We face a huge upheaval in GP commissioning that raises more questions than it answers. I was privileged to be part of the original Calman-Hine committee that recommended cancer centres and units, with national standards. Cancer services have come a long way since then. Multidisciplinary teams and tumour site-specific groups are firmly embedded across the UK's NHS services. There is real anxiety that market forces may fragment this progress. Services from screening through primary care to secondary and tertiary care must be planned and integrated. The cancer journey will be a far better pathway if there is integrated planning. Patients will live longer and better. Independent living allows them to return to economic activity. If young patients die early, it is their children who carry the scars and burden of bereavement for the rest of their lives.
Delivering high-quality care depends on co-operation between professionals. The idea of any willing provider, and competing hospitals, is anathema to the collaborative model of delivering stable, high-quality healthcare. We cannot promote fragmentation if patient outcomes in cancer are to continue to improve, as they have done so dramatically over the past 10 years. I beg to move.
My Lords, I thank the Minister for his reply and all noble Lords who have spoken in this outstanding debate. I particularly thank the noble Lord, Lord Howard of Lympne, for having decided for his maiden speech to contribute to this debate. He raised the tone even higher than that set by everyone else in this House.
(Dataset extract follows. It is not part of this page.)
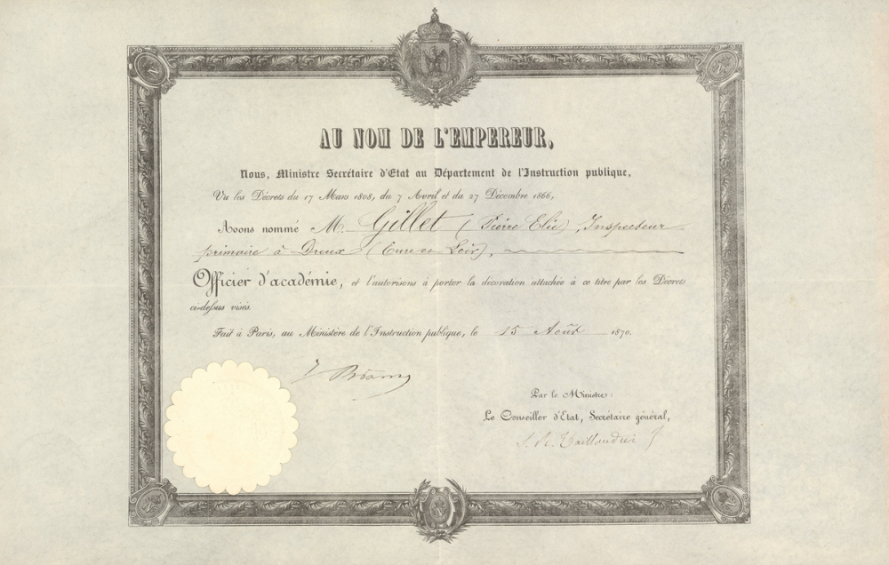 Notes : Diplôme décerné par le Ministre de l'Instruction Publique le 15 août 1870 à "M. Gillet (Pierre Elie), Inspecteur primaire à Dreux (Eure et Loir)".

There are some very clear messages here. People want the choice to be treated well at all times and, to cite the title of the book by the late Lady Beecham, to be moving forward with their cancer and living with it. Integration, not fragmentation, must be the way that the changes take us in the new world that we face. Outcomes can and must improve. Prevention must continue. We must not lose sight of tobacco control.
I finish simply. There has been a call for information from around the House. In the words of the late Vicky Clement-Jones, whom I had the privilege to know, knowledge is the antidote to fear. This debate has demonstrated that.